Canan Oyunun yazarı Erdi çok yakın arkadaşım. Binbir fikri olan biri. Beni aradı ve üç oyun fikrinden bahsetti. Ben de üç fikir içinde en çok ‘Hipokrat’ı beğendiğimi söyledim. Çok azimli biri olduğu için dört gün içinde sadece erkek doktorun hikayesi olan ilk taslağı yazdı. Gel zaman git zaman, oyunla daha haşır neşir olunca; “Acaba oyun tek kişilik erkek oyunu olarak kalmasa da bir kadın hikayesi de içerse nasıl olur?” diye konuşmaya başladık. Zannedersem Kayhan’la da o esnada görüşmeye başlamış. Bu sırada Erdi, kadın doktorun da hikayesini yazdı. Kadın ve erkeğin hikayesinin aynı anda sahneye taşınmasında hemfikir olunca, çift olarak oyuna dahiliyetimizi konuştuk. Kenan’la zaten beraber bir oyunda oynamak istiyorduk. ‘Hipokrat’ da tam da içinde yer almak istediğimiz bir oyun oldu.
Kenan Benim ise Canan’la Erdi’nin konuştuğundan haberim yoktu. Metin bana son kertede geldiğinde hem erkek hem kadın hikayesi yazılmıştı. Okuduğumda çok beğendim. Hatta “Acaba kadını ben, erkeği Canan oynasa nasıl olur?” diye de düşündük ama sonrasında bu fikirden vazgeçtik. (Gülüyorlar) Bir de tabii metni çok sevmeme rağmen sahnede nasıl olacağı pek gözümün önüne gelmemişti. Ama Kayhan’la beraber bir okuma provası yaptık ve içime sindi.
Kayhan ‘Hipokrat’a dahil oluşumun üç sebebi var diyebilirim.
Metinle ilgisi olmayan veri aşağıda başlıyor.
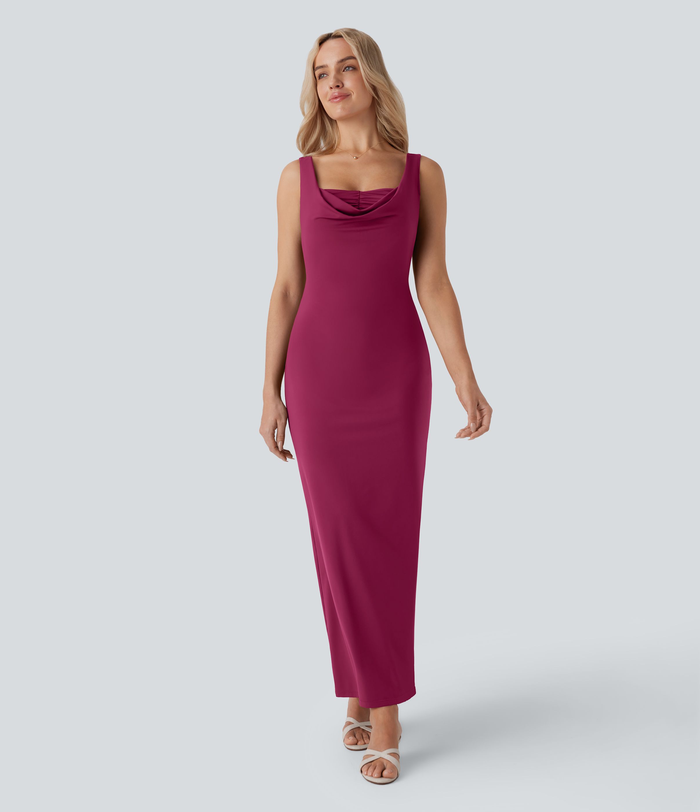 Cowl Neck Sleeveless Ruched Slim Maxi Dress

Birincisi daha önce yaşayan yerli bir yazarla hiç çalışmamıştım. İkincisi oyunun kurbanların değil cellatların ağzından anlatılan bir oyun olması benim için dikkat çeken noktalardan biri oldu. Üçüncü olarak da bu oyunu iki çok iyi oyuncuyla yapmamız gerektiği konusunda Erdi’yle hemfikirdik ve iki çok iyi oyuncumuz var.
Kesinlikle öyle. Ben oyunu okuduktan sonra karakterlerin iç sorgulamalarının sahneye nasıl aktarılacağını da çok merak ettim. O sebeple Kayhan’a sormak isterim, nasıl bir reji izleyeceğiz?
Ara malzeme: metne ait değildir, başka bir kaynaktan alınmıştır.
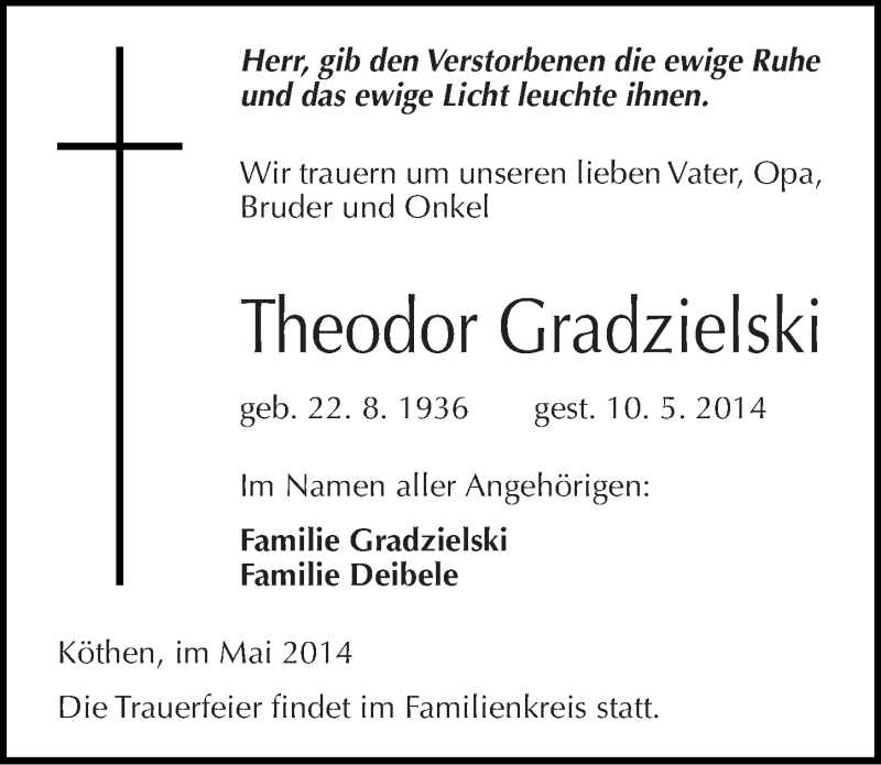 Hier finden Sie alle Traueranzeigen aus der Zeitung, die bisher für Theodor Gradzielski erschienen sind. Weitere Traueranzeigen, die in der Zeitung erscheinen, werden hier ebenfalls aufgelistet

Kayhan Oyunu okuyunca insanın kafasında bir konsept oluşuyor tabii ama ben oyunu prova sürecinde oyuncuların malzemesine göre, herkesin yaratıcılığına göre şekillendirme taraftarıyım. Dinamik bir oynama biçimi olacağında hemfikirdik. Oyunculuğun çok ön planda olduğu ve seyirciyle göz teması kurulacağı bir oyun olacak. Ama “Oyunumuz şunu anlatıyor,” demeye karşıyım çünkü buna bence seyirci karar vermeli.
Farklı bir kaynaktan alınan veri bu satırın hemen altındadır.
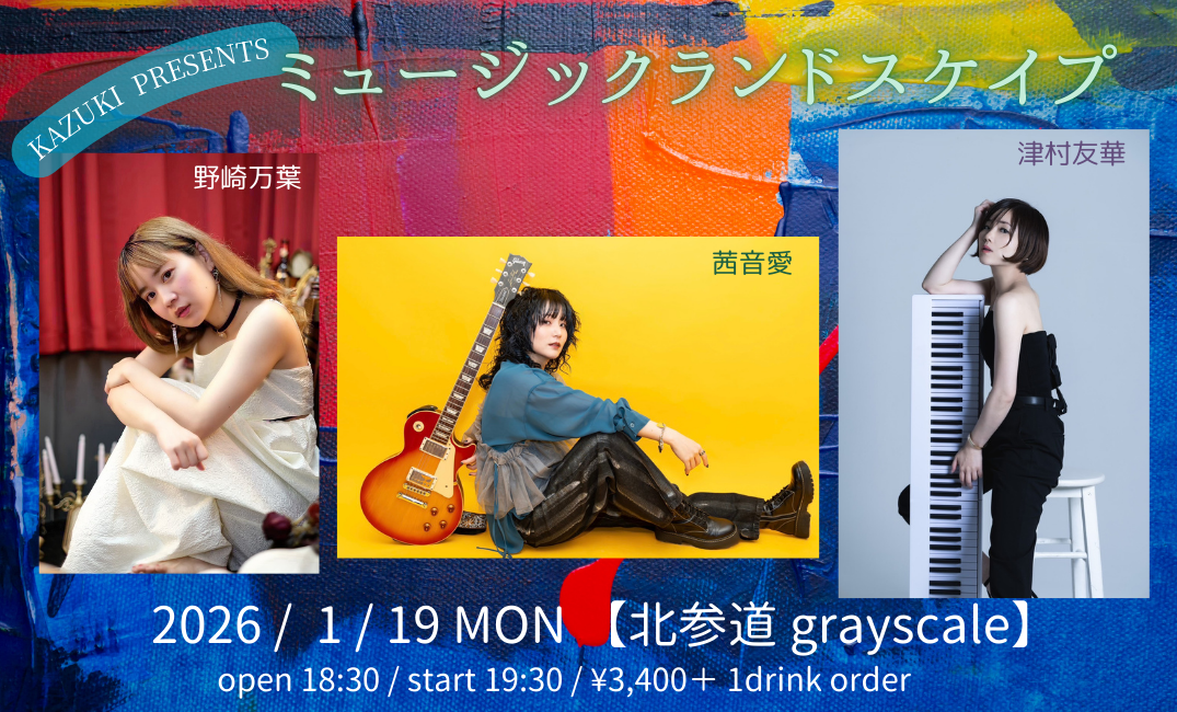 kazuki presents 【ミュージックランドスケイプ】 2026 /1/ 19(月) 北参道 grayscale 18:30 open 19:30 start ¥3,4 ...more

‘Hipokrat’ı izlemeye gelecek seyirciyi ne bekliyor?
Kayhan İddiamızı söyleyeyim ben; seyircinin kendisini sorgulamasını bekliyoruz.
‘Hipokrat’ size oyunculuk anlamında nasıl bir alan tanıdı?
Canan Alansız. (Gülüyor) ‘Hipokrat’ kısıtlanmış bir alanda küçücük ve havasız bir tuvalette geçiyor. Oyunun dinamizmiyle birleştiğinde alanın kısıtlayıcı özellikleri klostrofobik bir hava verecektir diye tahmin ediyorum. Kendimi oyunun sonlarında yorulmuş hissediyorum; seyircinin de benimle aynı paralelde ilerleyeceğini düşünüyorum.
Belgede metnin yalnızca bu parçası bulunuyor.